Run the LCM Relay App
Finally, to start the LCM Relay App run the following command in a new terminal:
apps/standard/lcm_relay.py
This will spin up pntOS and it is ready to start processing messages. To produce solutions, simply
push the play button in the LogPlayer to start the datastream. You should see something similar to the following:
[20/02/2026 12:14:00] [LoggingPlugin] [INFO] using hard-coded global logging level INFO
LCM tcpq: connecting...
[20/02/2026 12:14:00] [TransportPlugin] [INFO] LCM message handler is running.
[20/02/2026 12:14:00] [ControllerPlugin] [INFO] Press Ctrl + C at any time to shut down pntOS...
[20/02/2026 12:14:03] [TransportPlugin] [INFO] Found new channel /sensor/ins-d/pva with a timestamp of 1747680882.938483715s
[20/02/2026 12:14:03] [TransportPlugin] [INFO] Found new channel /sensor/vn-100/imu with a timestamp of 1747680882.940131664s
[20/02/2026 12:14:03] [TransportPlugin] [INFO] Found new channel /sensor/ublox-ZED-F9T/position with a timestamp of 1747680883.294163942s
[20/02/2026 12:14:03] [TransportPlugin] [INFO] Found new channel /sensor/ublox-ZED-F9T/velocity with a timestamp of 1747680883.294163942s
[20/02/2026 12:14:03] [TransportPlugin] [INFO] Found new channel /sensor/ublox-ZED-F9T/pva with a timestamp of 1747680883.294163942s
[20/02/2026 12:14:04] [TransportPlugin] [INFO] Found new channel /sensor/simulated/velocity with a timestamp of 1747680883.543442726s
[20/02/2026 12:14:06] [TransportPlugin] [INFO] Found new channel /sensor/bmp388/baro_pressure with a timestamp of 1747680885.336656809s
[20/02/2026 12:14:13] [OrchestrationPlugin] [INFO] Aligned filter at 1747680892.949498653s
Unlike the other apps, there will be no progess bar displayed in the console. The LogPlayer will have a progress bar where you can track the progress
of the log file. Once it is done processing, you may press Ctrl + C to shutdown pntOS.
Note
You may click the >> button in the LogPlayer GUI to speed up the playback. However, if the data is played
too fast, pntOS may not be able to provide solutions at the requested rate. In this case, you will want
to wait for pntOS to process all messages before shutting down. To know when pntOS is done processing
data, you can observe the terminal output where the lcm-logger command was run (see Record Output),
which will print summary statements at 1 second intervals until no more traffic is observed on the network
bus.
pntOS includes several other off-the-shelf apps that are not mentioned on this page.

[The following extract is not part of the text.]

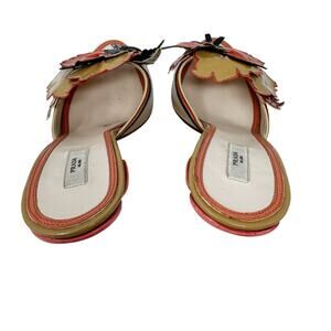 PRADA Red Tan Vintage Flower Heels Mules Spring 2008 Fairy Collection EU 37.5

Each app is categorized as a dummy, tutorial, standard, or advanced app where each
type showcases certain capabilities and features of pntOS from low to high complexity.
Any other apps not mentioned here may be run with the following command:
apps/{app-type}/{app-name}.py
Where you would replace {app-type} with the app’s designated type, and replace {app-name} with the name
of the Python script of the actual app. This is essentially just a path to the executable Python file.
View Results from a Log File
To view the plots of the results from a log file run:
postprocessing/plot_results.py pntos_output.log
This should display the pntOS results in individual windows and save the plots
to the {workspace-root}/pntos_output directory.
Tip
Included in the source code is a convenience script that will run an app, process an example log file, and plot the results all via a single command. It will work on any of the existing apps that produce a PVA solution from the example LCM or ROS logs.
To use it, simply run:
postprocessing/run_app_and_record_data.py <path/to/app.py>
Where <path/to/app.py> should be replaced with the path to the app you want to run.